A solution for some but not all
University of Maine Professor of Finance Pankaj “Pank” Agrrawal thinks that while direct primary care is a solution for some patients, the model does not address numerous issues including emergency care, surgeries and specialists — services most people still need insurance to cover.
Direct primary care is likely supplemental for a niche population, he said, though it does seem to have a rather diverse group of patients, from “gig” workers (such as Uber drivers) to rural farmers who live geographically far from large hospital systems.
“Patients with the predictable and chronic conditions favor (direct primary care) for its personalized attention and preventive care focus,” he said. “… The minute you have an emergency event, the minute you have surgery, the minute you have an important out-of-network consultation required, the cost becomes so high that there is no way that … monthly premium can cover that.”
Kopelman and Garcia both said more accessibility to primary care doctors tends to result in fewer visits to the emergency room, reducing people’s use of insurance. Both of them have saved their patients visits to the emergency room or walk-in care just by being accessible by phone, they said, access that many providers in hospitals struggle with.

Dr.

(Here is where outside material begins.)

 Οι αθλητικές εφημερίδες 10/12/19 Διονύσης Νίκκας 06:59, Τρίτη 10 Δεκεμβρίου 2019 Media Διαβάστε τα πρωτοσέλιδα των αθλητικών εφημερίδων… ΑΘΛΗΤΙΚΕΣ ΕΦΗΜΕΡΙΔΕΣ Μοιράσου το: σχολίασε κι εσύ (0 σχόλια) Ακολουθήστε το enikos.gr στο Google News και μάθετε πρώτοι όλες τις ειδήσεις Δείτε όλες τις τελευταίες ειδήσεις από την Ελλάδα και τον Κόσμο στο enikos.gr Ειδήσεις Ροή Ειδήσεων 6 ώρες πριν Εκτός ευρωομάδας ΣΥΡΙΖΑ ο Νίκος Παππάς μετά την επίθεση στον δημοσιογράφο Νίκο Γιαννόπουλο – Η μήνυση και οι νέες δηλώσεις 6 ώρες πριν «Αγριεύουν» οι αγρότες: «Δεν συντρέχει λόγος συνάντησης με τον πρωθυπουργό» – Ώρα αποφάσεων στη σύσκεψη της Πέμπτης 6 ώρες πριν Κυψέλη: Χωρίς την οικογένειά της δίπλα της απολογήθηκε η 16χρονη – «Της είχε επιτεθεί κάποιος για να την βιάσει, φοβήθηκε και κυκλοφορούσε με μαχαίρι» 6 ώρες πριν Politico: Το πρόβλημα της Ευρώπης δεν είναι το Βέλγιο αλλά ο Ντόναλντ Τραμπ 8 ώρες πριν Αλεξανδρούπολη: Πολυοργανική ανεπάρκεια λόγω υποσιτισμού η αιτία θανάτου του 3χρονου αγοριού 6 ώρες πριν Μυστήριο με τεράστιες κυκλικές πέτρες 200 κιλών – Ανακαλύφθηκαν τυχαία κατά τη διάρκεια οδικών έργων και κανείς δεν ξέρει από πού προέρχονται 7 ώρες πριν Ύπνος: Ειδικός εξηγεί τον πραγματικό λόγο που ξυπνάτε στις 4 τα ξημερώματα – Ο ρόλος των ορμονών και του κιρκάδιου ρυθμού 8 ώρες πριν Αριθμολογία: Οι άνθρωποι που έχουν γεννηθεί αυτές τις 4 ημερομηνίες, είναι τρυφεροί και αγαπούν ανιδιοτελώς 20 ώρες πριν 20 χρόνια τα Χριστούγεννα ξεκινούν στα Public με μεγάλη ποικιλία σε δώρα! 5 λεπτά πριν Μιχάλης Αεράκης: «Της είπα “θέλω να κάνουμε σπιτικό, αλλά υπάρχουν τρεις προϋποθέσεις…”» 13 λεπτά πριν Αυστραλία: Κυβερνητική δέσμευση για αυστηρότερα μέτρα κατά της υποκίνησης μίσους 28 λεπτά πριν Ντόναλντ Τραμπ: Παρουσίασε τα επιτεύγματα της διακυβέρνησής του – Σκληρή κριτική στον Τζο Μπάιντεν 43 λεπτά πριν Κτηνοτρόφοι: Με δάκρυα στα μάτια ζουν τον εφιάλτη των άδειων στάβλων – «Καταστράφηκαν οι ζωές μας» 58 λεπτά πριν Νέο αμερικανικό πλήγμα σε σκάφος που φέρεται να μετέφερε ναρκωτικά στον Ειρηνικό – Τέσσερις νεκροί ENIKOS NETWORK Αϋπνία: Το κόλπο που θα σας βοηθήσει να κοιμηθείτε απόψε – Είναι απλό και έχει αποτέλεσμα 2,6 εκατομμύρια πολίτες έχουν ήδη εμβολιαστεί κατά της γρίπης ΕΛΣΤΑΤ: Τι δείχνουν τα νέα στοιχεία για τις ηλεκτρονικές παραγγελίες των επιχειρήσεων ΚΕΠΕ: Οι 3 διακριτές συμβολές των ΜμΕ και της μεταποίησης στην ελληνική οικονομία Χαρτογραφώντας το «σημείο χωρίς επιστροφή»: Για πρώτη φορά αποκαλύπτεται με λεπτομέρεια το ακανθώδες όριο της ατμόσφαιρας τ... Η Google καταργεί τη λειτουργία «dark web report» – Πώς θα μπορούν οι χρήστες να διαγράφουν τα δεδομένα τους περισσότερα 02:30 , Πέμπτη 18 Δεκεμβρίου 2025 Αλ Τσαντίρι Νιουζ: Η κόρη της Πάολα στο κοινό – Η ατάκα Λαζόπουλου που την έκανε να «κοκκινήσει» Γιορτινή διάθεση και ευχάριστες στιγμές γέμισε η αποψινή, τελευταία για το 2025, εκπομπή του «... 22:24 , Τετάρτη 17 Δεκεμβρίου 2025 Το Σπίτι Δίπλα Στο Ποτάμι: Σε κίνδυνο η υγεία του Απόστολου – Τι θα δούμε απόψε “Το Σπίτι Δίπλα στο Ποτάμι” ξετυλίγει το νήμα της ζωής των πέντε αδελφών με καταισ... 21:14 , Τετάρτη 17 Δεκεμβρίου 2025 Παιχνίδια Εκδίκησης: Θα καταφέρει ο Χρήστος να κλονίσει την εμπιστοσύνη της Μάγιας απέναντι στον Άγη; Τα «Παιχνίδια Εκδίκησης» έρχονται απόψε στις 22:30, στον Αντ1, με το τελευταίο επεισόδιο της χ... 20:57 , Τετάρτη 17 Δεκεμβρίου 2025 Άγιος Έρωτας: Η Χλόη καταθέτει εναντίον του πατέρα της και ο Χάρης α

Michelle Garcia sits in her Scarborough office March 21. Submitted photo
Kopelman will draw her patients’ blood in office and dispense some basic medications, such as amoxicillin, for just the price she pays pharmacies for them, which tends to be much cheaper than what her patients themselves would pay out of pocket.

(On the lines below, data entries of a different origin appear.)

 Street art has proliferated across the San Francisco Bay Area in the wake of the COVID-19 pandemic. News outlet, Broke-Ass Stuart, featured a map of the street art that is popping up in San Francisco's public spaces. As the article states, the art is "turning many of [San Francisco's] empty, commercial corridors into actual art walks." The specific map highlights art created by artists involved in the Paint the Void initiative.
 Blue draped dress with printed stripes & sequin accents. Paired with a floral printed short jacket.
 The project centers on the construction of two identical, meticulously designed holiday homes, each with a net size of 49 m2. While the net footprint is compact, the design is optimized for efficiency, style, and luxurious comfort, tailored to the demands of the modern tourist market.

She charges $100 a month for children 7 and up, $125 for kids ages 2 to 6 and $175 for children under 2, she said. She also has a sliding fee scale that lets her accept patients who have a hard time affording the fee. There are some services that she does still bill patients’ insurance for, though those instances are minimal.
Garcia can give discounted prices to her patients for lab work and medications, she said. Her patients will pay for labs directly through her and then she pays for those labs at a lower price than what patients are typically charged through the labs themselves, she said.
The average monthly cost for direct primary care tends to be $75-$150, she said. However, she still encourages patients to have some kind of catastrophic health insurance.
She has heard the criticism about direct primary care mostly being utilized by wealthier people, but that is not her experience, she said. Her patient panel is mixed, with about a third paying with cash, a third have private insurance and a third have health plans that cover her monthly fee. Some of them are lower income, some of them are rural and some of them live a distance from her office.
“There’s just a ton of people that have really high-deductible health insurance plans or are uninsured,” she said. “… This is actually a more affordable way for them to get their health care.”
Pressure to innovate
Direct primary care has become a popular option to some in the Trump administration as a way to address some of the country’s struggles with health care and health care funding.
However, the majority of people still tend to rate their health care insurance plan as good, Harkins said. Insurance tends to become an issue for people when they experience a barrier to coverage, such as a when a request is denied, questioned or replaced with some other care suggested by the insurance company. Costs can be another issue for people with high-deductible plans.
Despite these issues, Harkins does not see insurance plans going away any time soon, he said.
“(The direct primary care) model is interesting and it remains to be seen if it will stay separated out, with people being OK with paying for primary care interactions but still needing a high-deductible plan for catastrophic coverage,” he said.
Agrrawal wonders if the rising popularity in direct primary care will have an influence on how insurance companies continue to offer plans.
“Dissatisfaction with traditional insurance has grown,” he said. “And so (direct primary care) may put pressure on insurers to innovate and offer more patient-centered (care).”